The low-level IndexReader can be retrieved from the LuceneIndexScope.
. Example 421. Retrieving the index reader from a Lucene index scope
SearchMapping mapping = /* ... */ (1)
LuceneIndexScope indexScope = mapping
.scope( Book.class ).extension( LuceneExtension.get() ); (2)
try ( IndexReader indexReader = indexScope.openIndexReader() ) { (3)
// work with the low-level index reader:
numDocs = indexReader.numDocs();
}
即使启用了多租户,返回的读取器也会公开所有租户的文档。
Even if multi-tenancy is enabled, the returned reader exposes documents of all tenants.
16.4. Elasticsearch-specific explicit backend/index operations
16.4.1. Retrieving the REST client
使用具有高级要求的编写复杂应用程序时,有时可能需要直接向 Elasticsearch 集群发送请求,尤其是在 Hibernate Search 不支持这种开箱即用的请求时。
When writing complex applications with advanced requirements, it may be necessary from time to time to send requests to the Elasticsearch cluster directly, in particular if Hibernate Search does not support this kind of requests out of the box.
为此,您可以检索 Elasticsearch 后端,然后访问 Hibernate Search 在内部使用的 Elasticsearch 客户端。请参见以下示例。
To that end, you can retrieve the Elasticsearch backend, then get access the Elasticsearch client used by Hibernate Search internally. See below for an example.

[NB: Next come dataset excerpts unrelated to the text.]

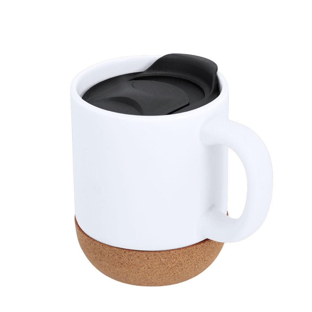 Taza térmica con capacidad de 330 ml fabricada en cerámica. Cuerpo en color mate e interior en acabado brillo con base con corcho, siendo este un excelente aislante térmico. Incluye tapa con función antideslizante para disfrutar de tu bebida favorita. Con asa de agarre.
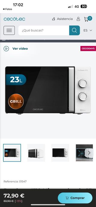 Microondas Cecotec Proclean 4710 23L Grill
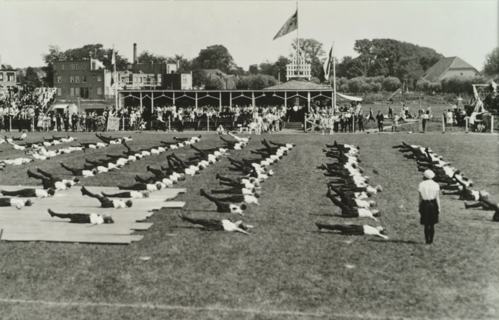 - Gymnastiekuitvoering op het DFC-terrein aan de Markettenweg, gezien richting Mariastraat.
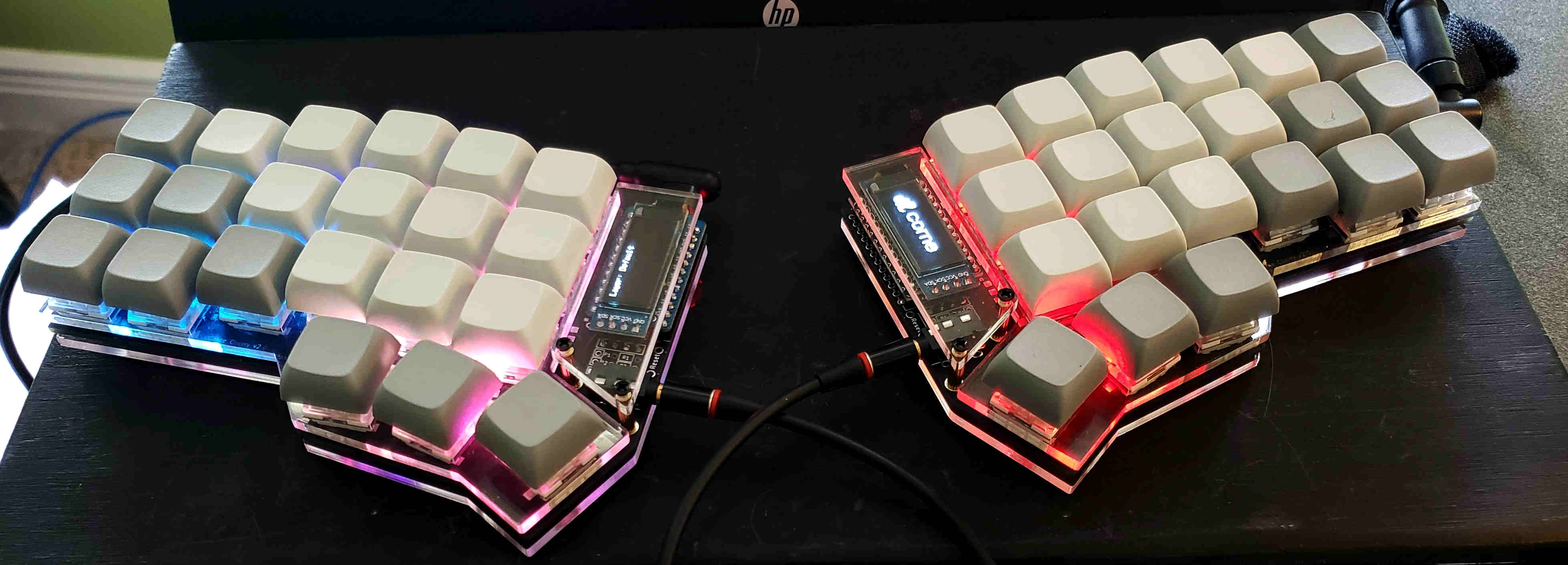 my thoughts: I don’t know why this thing has so many different names. I do know, however, that it is definitely my current favorite board. Same layout as the Iris but without the top number row. The OLED screens on the side are gimmicky but moving the TRRS jacks & controllers away from the keys allows this to stay much thinner, even without low profile switches.

. Example 422. Accessing the low-level REST client
SearchMapping mapping = /* ... */ (1)
Backend backend = mapping.backend(); (2)
ElasticsearchBackend elasticsearchBackend = backend.unwrap( ElasticsearchBackend.class ); (3)
RestClient client = elasticsearchBackend.client( RestClient.class ); (4)
客户端本身不属于 Hibernate Search API,而是 official Elasticsearch REST client API 的一部分。
The client itself is not part of the Hibernate Search API, but of the official Elasticsearch REST client API.
Hibernate Search 可能在无事先通知的情况下切换到具有不同 Java 类型的其他客户端。如果发生这种情况,上面的代码片段将引发异常。
Hibernate Search may one day switch to another client with a different Java type, without prior notice. If that happens, the snippet of code above will throw an exception.